PROBLEM: Each line below that carries the string "with" must appear in the answer.

RECORDS FOR THIS TASK:

▼▼▼

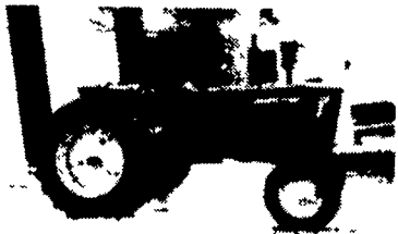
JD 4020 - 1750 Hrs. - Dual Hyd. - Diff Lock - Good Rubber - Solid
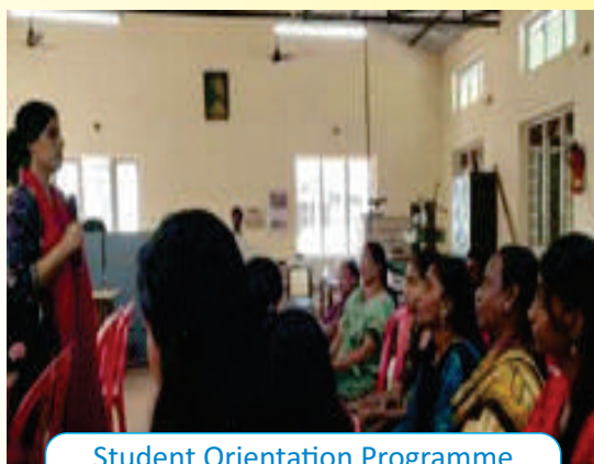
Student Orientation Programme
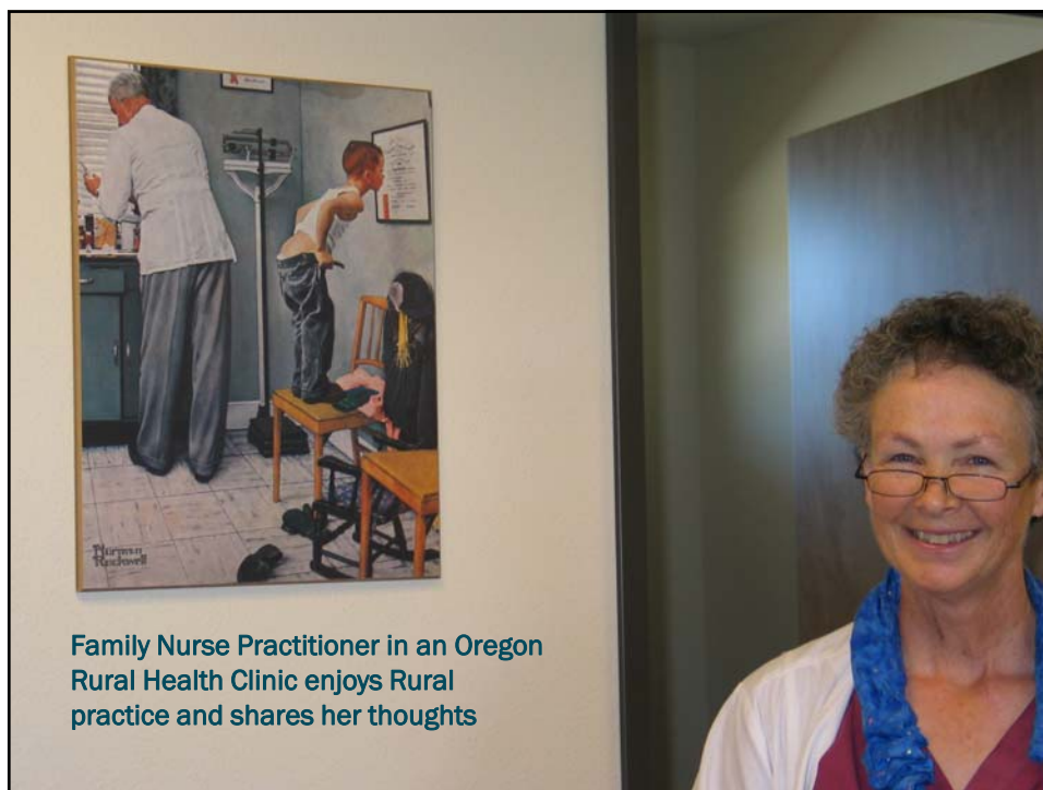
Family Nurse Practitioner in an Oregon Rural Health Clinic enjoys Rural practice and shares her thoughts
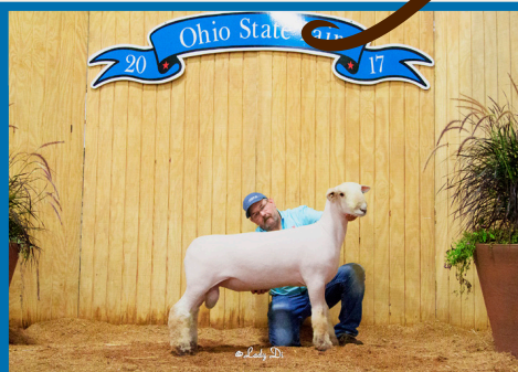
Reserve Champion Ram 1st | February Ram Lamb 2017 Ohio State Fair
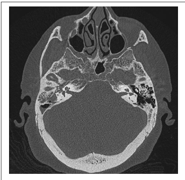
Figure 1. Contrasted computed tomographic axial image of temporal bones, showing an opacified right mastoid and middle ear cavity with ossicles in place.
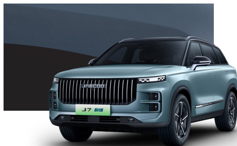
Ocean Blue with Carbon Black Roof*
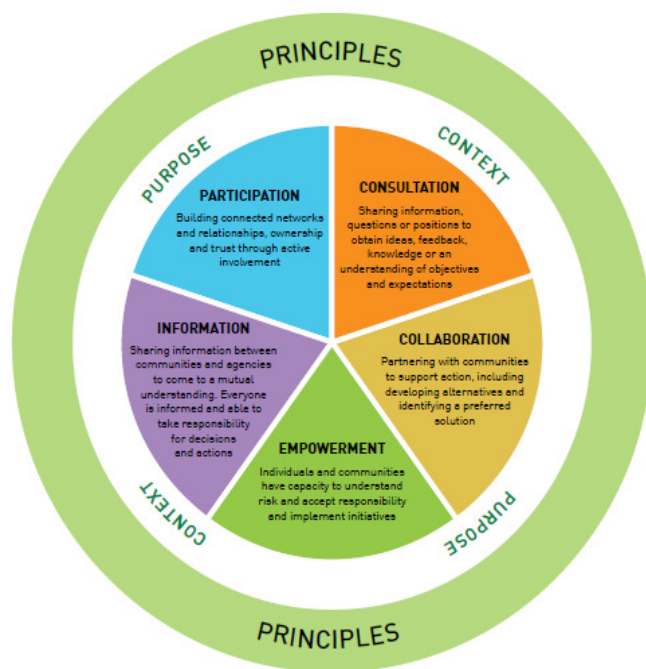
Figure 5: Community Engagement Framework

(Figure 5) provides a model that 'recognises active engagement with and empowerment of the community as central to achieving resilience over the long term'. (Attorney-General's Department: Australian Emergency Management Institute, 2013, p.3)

▲▲▲

RESULT:
Figure 1. Contrasted computed tomographic axial image of temporal bones, showing an opacified right mastoid and middle ear cavity with ossicles in place.
Ocean Blue with Carbon Black Roof*
(Figure 5) provides a model that 'recognises active engagement with and empowerment of the community as central to achieving resilience over the long term'. (Attorney-General's Department: Australian Emergency Management Institute, 2013, p.3)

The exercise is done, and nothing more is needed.